**PROBLEM TO SOLVE:**
Print every line below exactly as written, but leave the pictures behind.

**STORED DATA:**
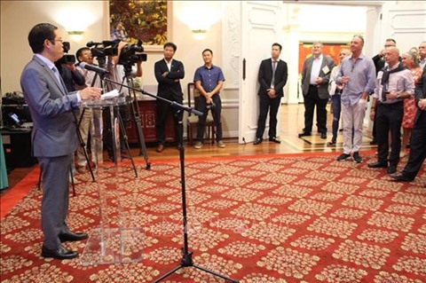 | L'ambassadeur adjoint du Vietnam aux États-Unis Pham Hung Tam prend la parole devant les membres du NFI. |
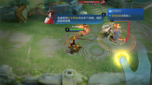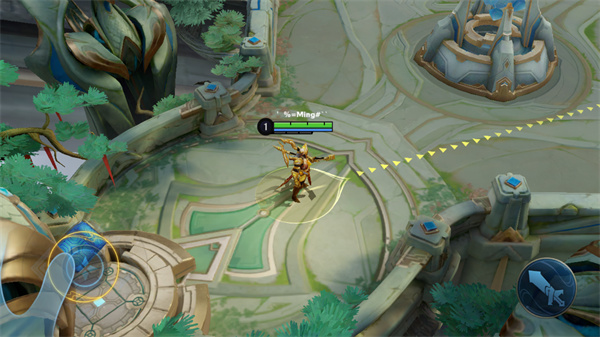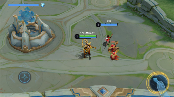 選擇完畢后,進入峽谷地圖,根據提示,借助左下角的虛擬搖桿,即可操控英雄靈活移動。
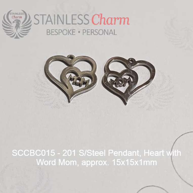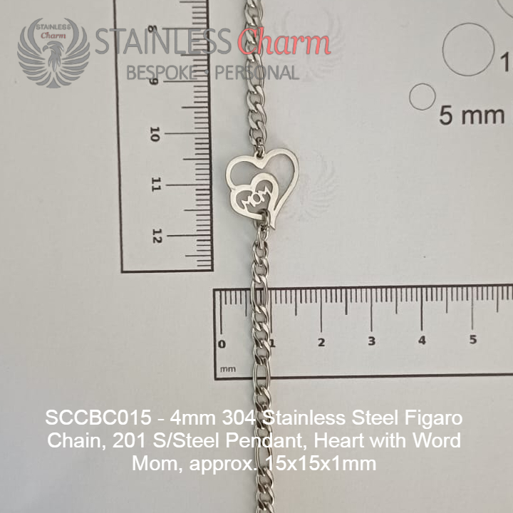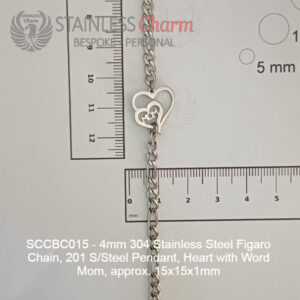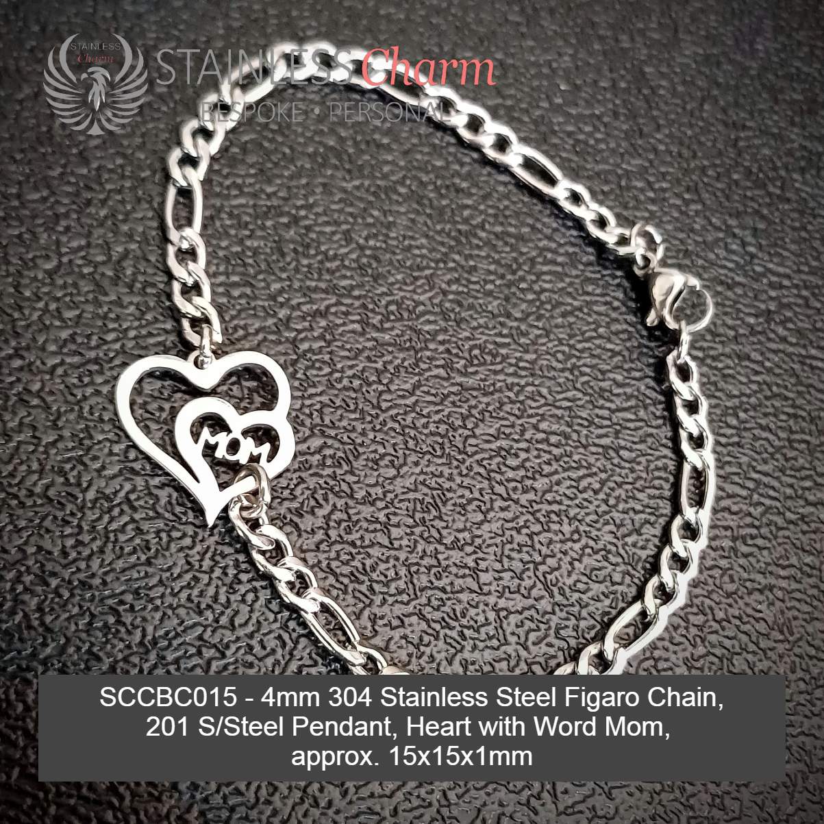 These bracelets feature a 304 stainless steel Figaro chain (4mm) and a Heart with Word Mom pendant made of 201 stainless steel, measuring approximately 15x15x1mm. (SKU: SCCBC015)
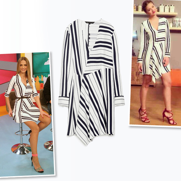 Όπως σας έχουμε ήδη πει, την ερχόμενη άνοιξη οι ρίγες επανέρχονται στο προσκήνιο και φοριούνται με πολλούς διαφορετικούς τρόπους, είτε παραπέμποντας στο ναυτικό στοιχείο είτε στην op art, που επίσης θα είναι πολύ δημοφιλής σε ρούχα και αξεσουάρ όπως θα παρατηρήσετε. Συχνά παρατηρούμε ότι κάποιες celebrities επιλέγουν τα ίδια κομμάτια, φορώντας τα βέβαια η κάθε μία με τρόπο που ταιριάζει στο στιλ και την προσωπικότητά της. Έτσι έγινε και με αυτό το πολύ stylish, ριγέ φόρεμα το οποίο ανήκει στην εταιρεία Zara και μπορείτε να το βρείτε εδώ αλλά και στα καταστήματα της εταιρείας.

**SOLUTION:**
 | L'ambassadeur adjoint du Vietnam aux États-Unis Pham Hung Tam prend la parole devant les membres du NFI. |
 選擇完畢后,進入峽谷地圖,根據提示,借助左下角的虛擬搖桿,即可操控英雄靈活移動。
 These bracelets feature a 304 stainless steel Figaro chain (4mm) and a Heart with Word Mom pendant made of 201 stainless steel, measuring approximately 15x15x1mm. (SKU: SCCBC015)
 Όπως σας έχουμε ήδη πει, την ερχόμενη άνοιξη οι ρίγες επανέρχονται στο προσκήνιο και φοριούνται με πολλούς διαφορετικούς τρόπους, είτε παραπέμποντας στο ναυτικό στοιχείο είτε στην op art, που επίσης θα είναι πολύ δημοφιλής σε ρούχα και αξεσουάρ όπως θα παρατηρήσετε. Συχνά παρατηρούμε ότι κάποιες celebrities επιλέγουν τα ίδια κομμάτια, φορώντας τα βέβαια η κάθε μία με τρόπο που ταιριάζει στο στιλ και την προσωπικότητά της. Έτσι έγινε και με αυτό το πολύ stylish, ριγέ φόρεμα το οποίο ανήκει στην εταιρεία Zara και μπορείτε να το βρείτε εδώ αλλά και στα καταστήματα της εταιρείας.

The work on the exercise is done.